生きている事は良かったが、どうも奇妙な状態になっているようだ。
「まだ早い時間なのに、良く気が付きましたね」
「ああ、それはね。寝相の悪い奴がいてさ。そいつの足がタチバナに当たったら、びっくりするくらい冷たかったらしくて、それで飛び起きて叫んだんだ。他の連中はその声で目が覚めたってわけ。……まぁある意味、良かったとは思うけど」
「……そうですね」
たぶん、相当驚いただろうけれど、発見が早かったのは良かったかもしれない。
「仮死状態とは違うように見えるんだよな。でも雰囲気的には少し似ているかも」
「なるほど……。……昨日の狼といい、今日のタチバナ君の事といい、どうも嫌な流れですね」
「同感。……だけどタチバナに関しては、誰かに何かをされたんだと思うよ。」
「と言うと?」
「僕が近くで見た感じだと、身体が見えない何かに覆われていたんだ。あれは霊力かな。誰かに術でも掛けられたんじゃない?」
そう言いながらナツはちらりと村の人間達へ視線を向けた。
ハル達のクラスメイトが、こんな場所でタチバナに何かする理由はない。
村に着いたとたんにこれならば、怪しいのは村の人間だ。
ただなぜそんな事をしたのか動機が分からない。
「ハル。とりあえず、アレを何とか出来ないかな」
「うーん。一度ちゃんと診てみない事には何とも。出来れば人払いをしたいところですね」
「だよねぇ」
ハルとナツは、住んでいる家――村雲怪異探偵事務所でやっているアルバイトの関係で、こういう不可解な現象の対処には慣れている。

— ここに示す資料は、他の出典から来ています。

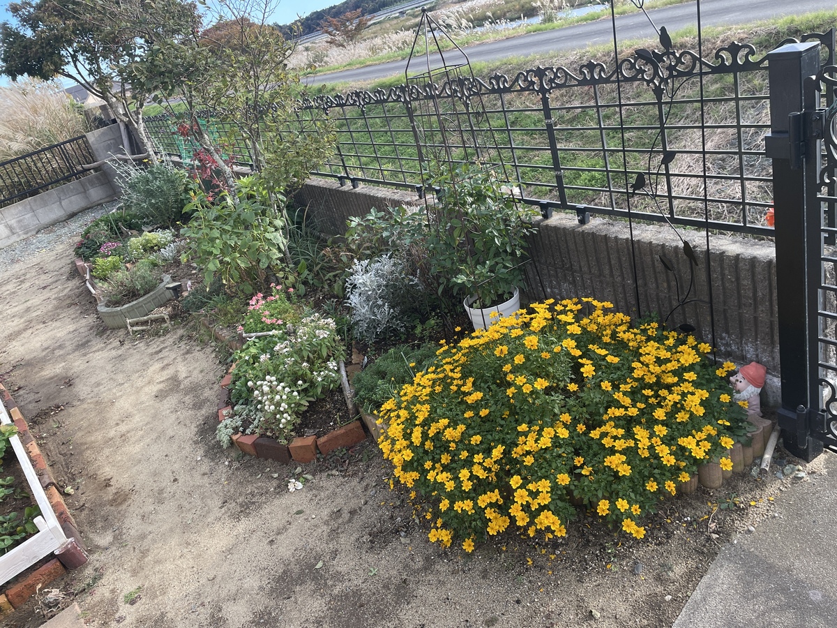 この黄色い花は1株からこんなに大きくなりました(^^)/夏はきゅうりの苗を植えていた所です。

先ほどナツが言った術という、ゲームや漫画で言うところの魔法のようなものもハル達は使える。
けれども人前でそれを使うのは、出来れば避けたかった。
理由は単純に「そういう風にして欲しい」と言われているからだ。
それに、妙な視線を向けて来るこの村の人達の前では、あまり見せない方が良いとも思う。

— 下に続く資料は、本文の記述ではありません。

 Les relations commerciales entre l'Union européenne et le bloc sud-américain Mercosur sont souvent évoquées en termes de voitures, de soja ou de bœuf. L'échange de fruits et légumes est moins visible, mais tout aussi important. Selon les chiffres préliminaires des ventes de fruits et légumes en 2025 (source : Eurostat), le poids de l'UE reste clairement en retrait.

(……伊吹先生はこちらの事情を多少知っているから、頼んでみましょうか)
そう思っていると、
「うわああああ、祟りだ! 山神様の祟りだ!」
後からやって来た村の人間の一人がタチバナを見てそう叫び、腰を抜かした。
青褪めた顔で、頭を抱えてぶるぶると震えている。
「祟りだって……?」
ナツが怪訝そうに片方の眉を上げる。
何かをされたのは確かだが、そこに祟りと言う言葉が出て来るのは穏やかでない。
「僕にはそういう風には見えないけどなぁ」
「そうですね。そもそもうちのクラスメイトが祟られる理由がありませんし」
「祟られると言うなら、まずはこの村の人達からだよねぇ」
そんな話をしていると、さらに足音が二つ、こちらへ近づいて来た。
やって来たのはツバキとアキトだ。